Whereas England would welcome up to 200 people to their media centre at Russia 2018, here the limit is around 50 each day – with 38 seats in the main marquee. Hence press conferences feature questions from both reporters on-site and colleagues via Zoom, whose faces appear on big screens visible around the room. "Gareth and the players can see who is asking and they are flashed up on big screens," says Plummer. "It has more of a personal feel."

Speaking of the personal touch, each press conference is preceded by a quick game of darts between a player and journalist – hence the dartboard on the wall beside the dais. This was a tradition begun in Russia to give players and press the chance of some light-hearted interaction.

Plummer explains: "They don't come on and walk straight into the press conference. There's a little bit of chat, a bit of colour and excitement. I think they do enjoy it – the players come in and watch each other and, if they lose, they'll get ribbed by everyone else."

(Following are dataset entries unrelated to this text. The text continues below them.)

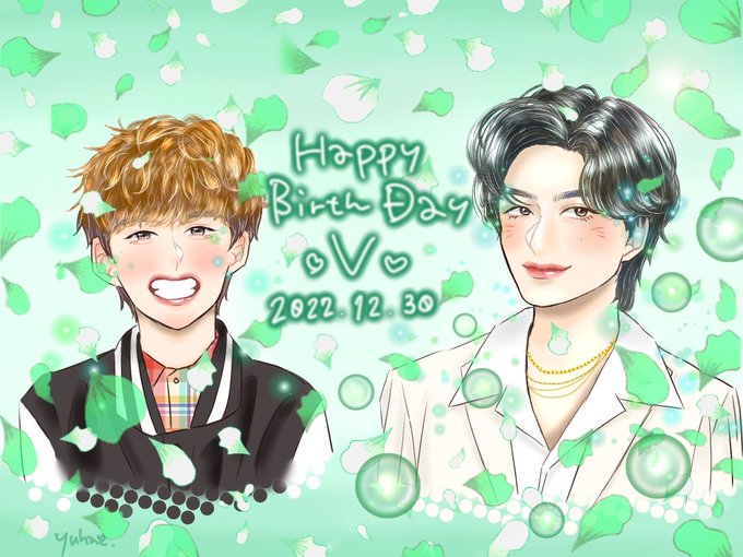 Happybirthday V〜!!💚💚 언제까지나 행복하길❁ #HappyBirthdayTaehyung #태형이의_뷔티풀데이즈 #사랑이사람으로태어나면_우리태형 #RomanticGentlemanV #VeautifulPrinceTaehyung #CelestialVocalistV #bts #btsfanart #V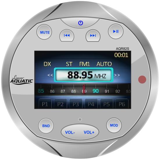 Waterproof Bluetooth Marine Digital Media Receiver Stereo Radio (USB/MP3, AUX, Video Inputs) AM/FM Radio, Round/Circle, Silver (AQR82S)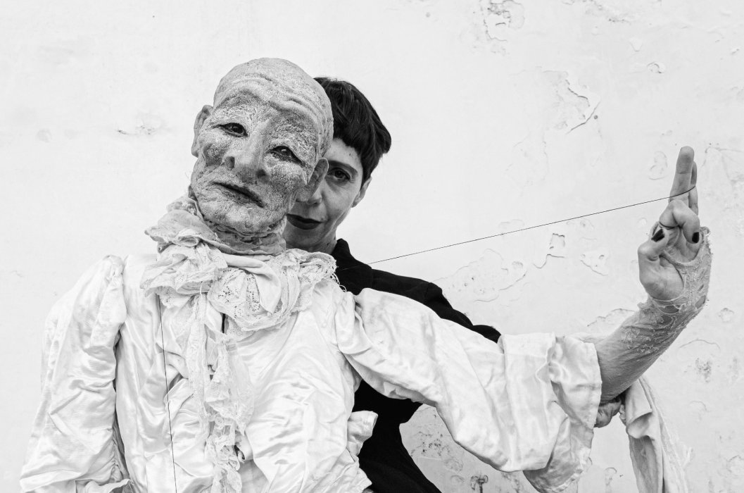Michela Aiello, puppeteer, performer and theatre pedagogue. In Barcelona, where she approached the world of the figure, she trained as a puppeteer in the Taller de Pepe Otal and became an integral part of the atelier's artistic collective. She participates in the Projecto Funicular in Lisbon, having as teachers Fabrizio Montecchi, Nicole Mossoux, Rene Baker, Agnés Limbos, Natacha Belova and Yngvild Aspeli. Since 2021, she has been an associate artist of La Batysse, lieu dédié aux arts de la Marionnette, in Pélussin, France.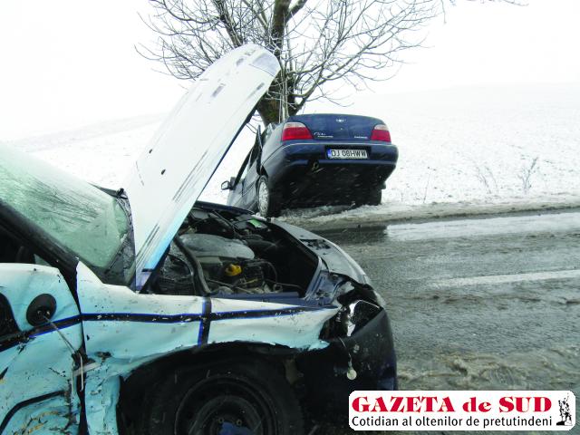Cinci persoane au fost rănite ieri-dimineaţă pe DN6, în apropiere de localitatea doljeană Zănoaga, după ce maşinile cu care se deplasau s-au tamponat violent. Poliţiştii din cadrul Biroului Poliţiei Rutiere Craiova au stabilit că Gheorghe Totolin, de 38 de ani, din localitatea Târgu Jiu, care conducea o Dacia Logan dinspre Caracal către Craiova, în afara comunei Zănoaga, a derapat, a pătruns pe contrasens, unde s-a izbit de un Cielo condus regumentar din sens invers de Doru Mitrică, de 41 de ani, din Zănoaga. În urma impactului puternic, autoturismul Cielo a fost proiectat într-un copac de pe marginea drumului. La faţa locului au ajuns mai multe ambulanţe, care i-au transportat la Spitalul de Urgenţă Craiova pe cei doi şoferi, unde s-a stabilit că Mitrică a suferit un traumatism cranio-facial şi mai multe excoriaţii. Rănit grav a fost şi Petrică Nicoleasa, pasager în Logan, acesta suferind un traumatism cranio-cerebral mediu. Şoferul Loganului şi alţi doi pasageri din autoturism au fost răniţi uşor, nefiind necesară transportarea lor la spital. Poliţiştii au stabilit că responsabil de producerea accidentului este şoferul Loganului, care nu a adaptat viteza la condiţiile de drum – acoperit cu mâzgă.IN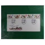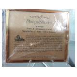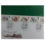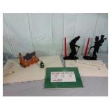 (2) Create-A-Base pieces measure about 15x24 and 10x16. Also includes a pair of Department 56 candlestick holders that are about 12"H, Royal Mail Service First Day Cover Christmas 1993: A Christmas Carol 9x12 matte collectible in original plastic and never opened, and a light up house in Department 56 style but no name brand found. |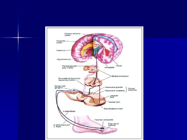 Consequences of Untreated Pain n Acute pain: – increase metabolic rate and blood clotting, – impair immune function – induce negative emotions n Without intervention, pain receptors become sensitive and may have long lasting changes in the neurons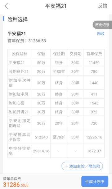 平安福2021的可选保障就真的太多了,你可以附加意外险、寿险两全险等其他险种,还可以选择附加被保人豁免、恶性肿瘤等保障。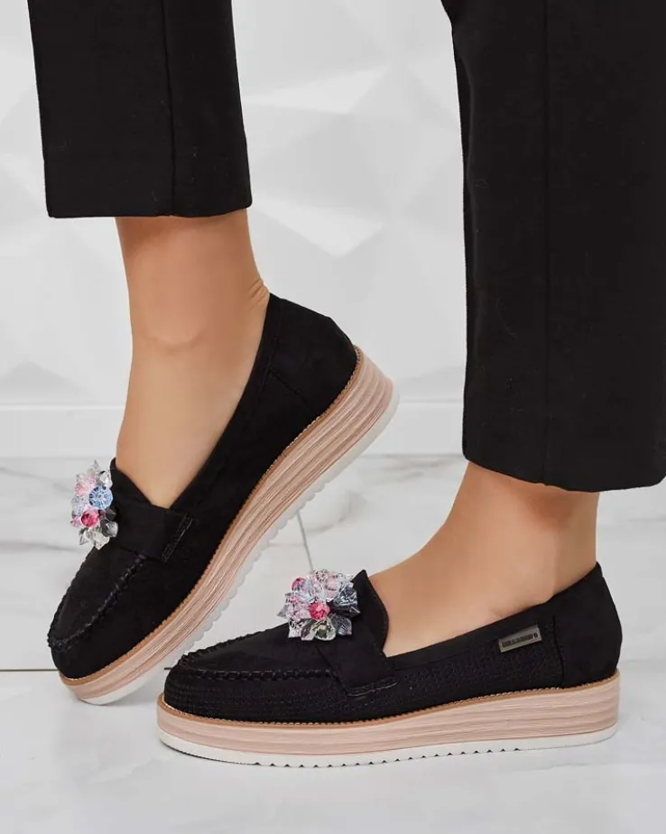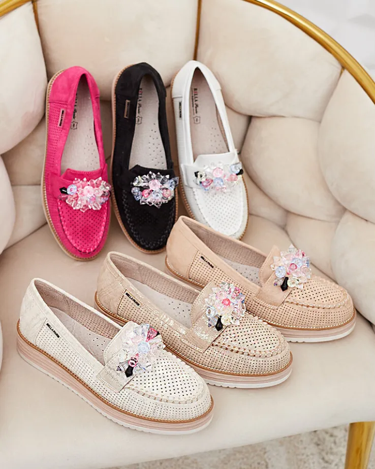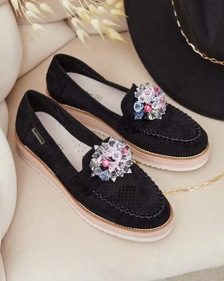 - Przepiękne damskie mokasyny na grubszej podeszwie. Model w tylu casual i jest wykonany ze skóry ekologicznej zamszowej z ażurowymi wstawkami, wkładka to skóra naturalna. Na nosku ozdoba z kolorowymi kamyczkami. Idealna baza dla wielu codziennych looków!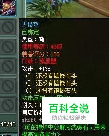 看到极品镶嵌的宝石是普通攻击、暴击和远程攻击。 普通攻击和远程攻击都好理解,为什么要镶嵌暴击石头呢?因为这个属性是强化不出来的!只能通过洗炼和镶嵌宝石来实现! 没有镶嵌过宝石是这样的,攻击只有138,评分也只有188,镶嵌一下3级宝石试一试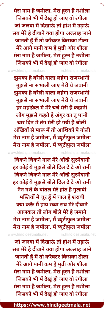Lyrics of Mera Naam Hai Jameela - मेरा नाम है जमीला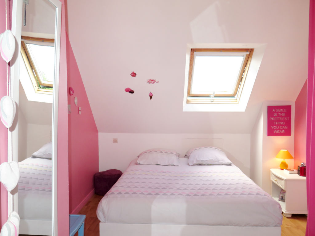 Das Ferienhaus LE CEDRE BLEU steht im Wohngebiet 'Les Rosaires', 1,3 km vom gleichnamigen, schönen Sandstrand entfernt. Ortsmitte von Plérin-sur-Mer 3 km. Nächste Einkaufsmöglichkeit und Restaurant 1,5 km, Supermarkt 2 km. Ca. 1900 m² großes, teils durch Hecke, Zaun und Mauer abgeschlossenes Gartengrundstück mit Bäumen, davon ca. 1200 m² Rasenfläche hinter dem Haus mit möbliertem Freisitz und Kinderspielgeräten. Vor dem Haus gekiester Hof und schmale Terrasse mit Mobiliar. 4 Sonnenliegen, 2 Liegestühle, 2 Sonnenschirme und transportabler Grill. Parkmöglichkeit für 4 PKW auf dem Grundstück. Angenehme Einrichtung in hellen, freundlichen Farben. Fliesen- und Laminatboden. 2x TV. Stereoanlage, CD, Radio. Internetzugang (WLAN, inklusive). Abstellraum mit Waschmaschine, Trockner, Bügeleisen/-brett. Elektroheizung. Hinweis: Rauchen ist im Haus nicht gestattet.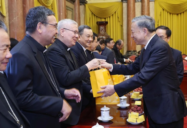 Chủ tịch nước Tô Lâm gửi tới các vị lãnh đạo và gửi đến toàn thể cộng đồng, chư vị, chức sắc, đồng bào tôn giáo, có đạo cả nước lời thăm hỏi ân cần, sâu sắc của đồng chí Tổng Bí thư Nguyễn Phú Trọng.

Gareth Southgate gives his thoughts
Gareth Southgate gives his thoughtsUEFA

All part of Southgate's plan to create a new England – open and eager to engage. "I think we've been ourselves," he told EURO2020.com on Sunday. "We want to represent our country in the right way, whether that's on or off pitch and I think that's really important.

"We've got a lot of young men who are still finding their way in life, as well as players, and I think it's important to show them the right path and, of course, we've got to develop them as players, but as people as well in the time that they're with us.

"So you hope to have a positive impact on them and I think that's what we've tried to create, in terms of making the team relevant to our public and making the team important for our public again, where some people had got totally disillusioned a few years ago.

"That was mainly because of results but one or two other things as well," he added. "In that regard, we've taken some big steps forward over the last couple of years and we have to keep winning matches to be able to do that further."